*Task to complete:* Please reproduce the lines of the records below from the one holding "Слайд 9Интерактивная игра" through the one holding "Der Edelstahlkamin Sydney", inclusive, skipping all pictures.

*** Opening Supplied information ***

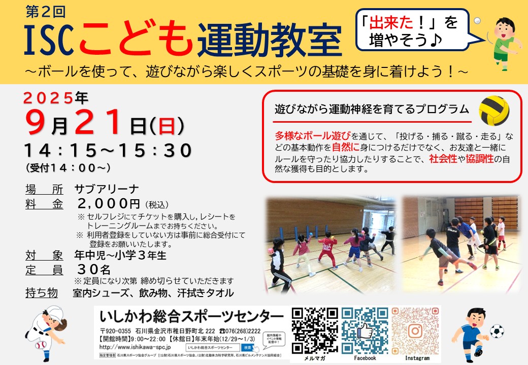 今回はボールを使って、遊びながら楽しくスポーツの基礎を身につけます! お友達と協力することで、社会性や協調性の自然な獲得も! 楽しく運動をしながら、「出来た!」を増やそう 30名限定ですのでご予約はお早めに! 皆様のご参加を、心よりお待ちしております 日程:2025年9月21日(日) 14:15~15:30 会場:いしかわ総合スポーツセンター サブアリーナ 参加費:2,000円 定員:30名 ![]()
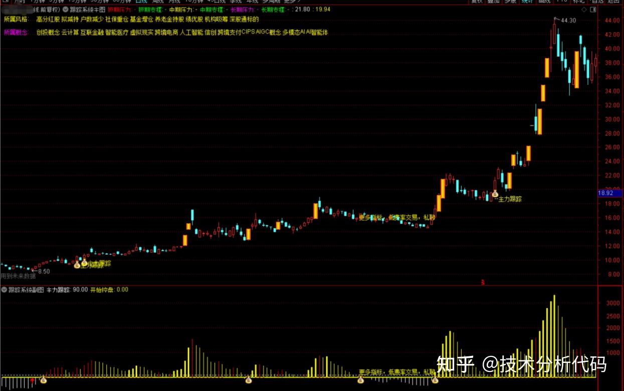 DRAWTEXT(启动,LOW-0.060*LOW,'--主力跟踪'),COLORYELLOW,LINETHICK2;
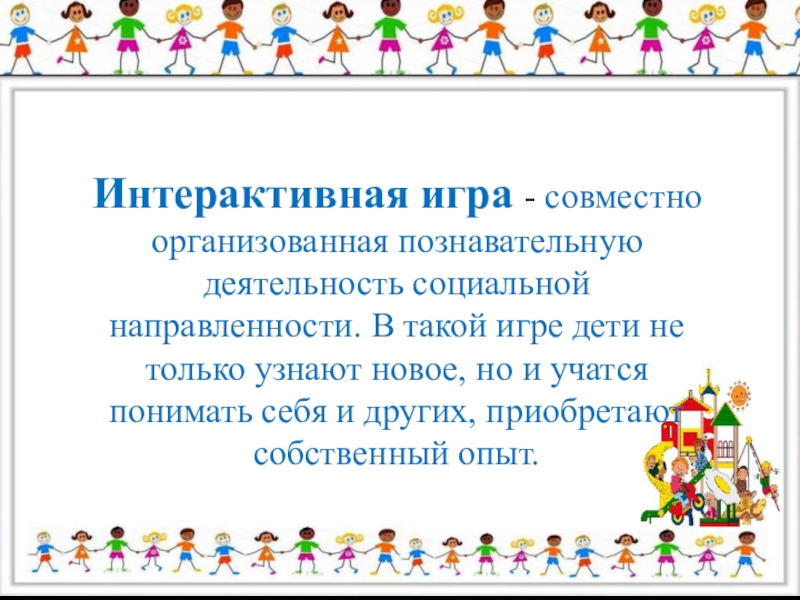 Слайд 9Интерактивная игра - совместно организованная познавательную деятельность социальной направленности. В такой
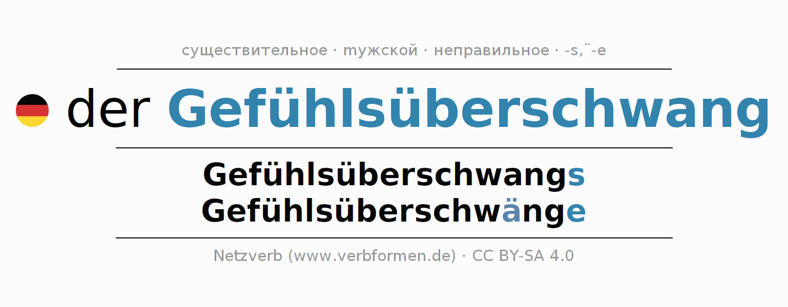 - Единственное число: der Gefühlsüberschwang, des Gefühlsüberschwangs, dem Gefühlsüberschwang, den Gefühlsüberschwang
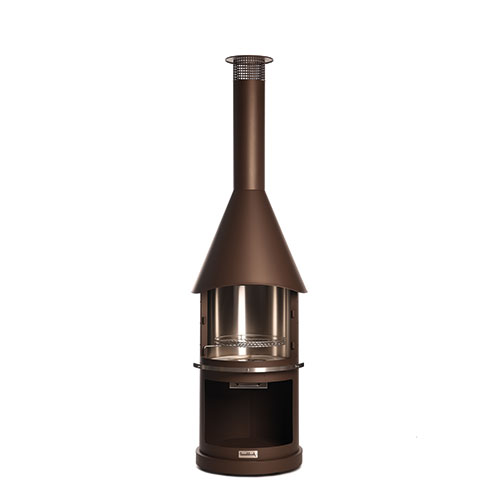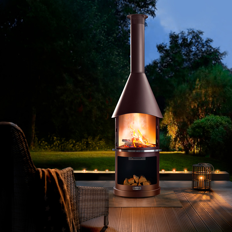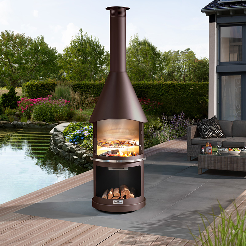 Der Edelstahlkamin Sydney in braun-metallic bietet witterungsbeständige Qualität und komfortables Grillen in angenehmer Arbeitshöhe. Der vierfach höhenverstellbare Grillrost aus Edelstahl ist bereits enthalten. Der doppelwandige Brennraum mit Edelstahlverkleidung strahlt die Wärme gezielt nach vorne ab, während im Boden hitzebeständige Feuerbetonplatten (bis 1.000 °C) für zusätzliche Sicherheit sorgen. Dank Edelstahlreling und vier Gummirollen (zwei lenkbar, zwei feststehend) lässt sich der Kamin auch im Betrieb bequem ausrichten und verschieben.
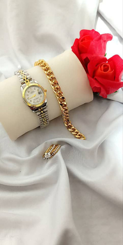 ست ساعت زنانه برند رولکس Rolexهمراه با دستبند رنگ ثابت پرفروش

*** Closing Supplied information ***

*Reply:*
 Слайд 9Интерактивная игра - совместно организованная познавательную деятельность социальной направленности. В такой
 - Единственное число: der Gefühlsüberschwang, des Gefühlsüberschwangs, dem Gefühlsüberschwang, den Gefühlsüberschwang
 Der Edelstahlkamin Sydney in braun-metallic bietet witterungsbeständige Qualität und komfortables Grillen in angenehmer Arbeitshöhe. Der vierfach höhenverstellbare Grillrost aus Edelstahl ist bereits enthalten. Der doppelwandige Brennraum mit Edelstahlverkleidung strahlt die Wärme gezielt nach vorne ab, während im Boden hitzebeständige Feuerbetonplatten (bis 1.000 °C) für zusätzliche Sicherheit sorgen. Dank Edelstahlreling und vier Gummirollen (zwei lenkbar, zwei feststehend) lässt sich der Kamin auch im Betrieb bequem ausrichten und verschieben.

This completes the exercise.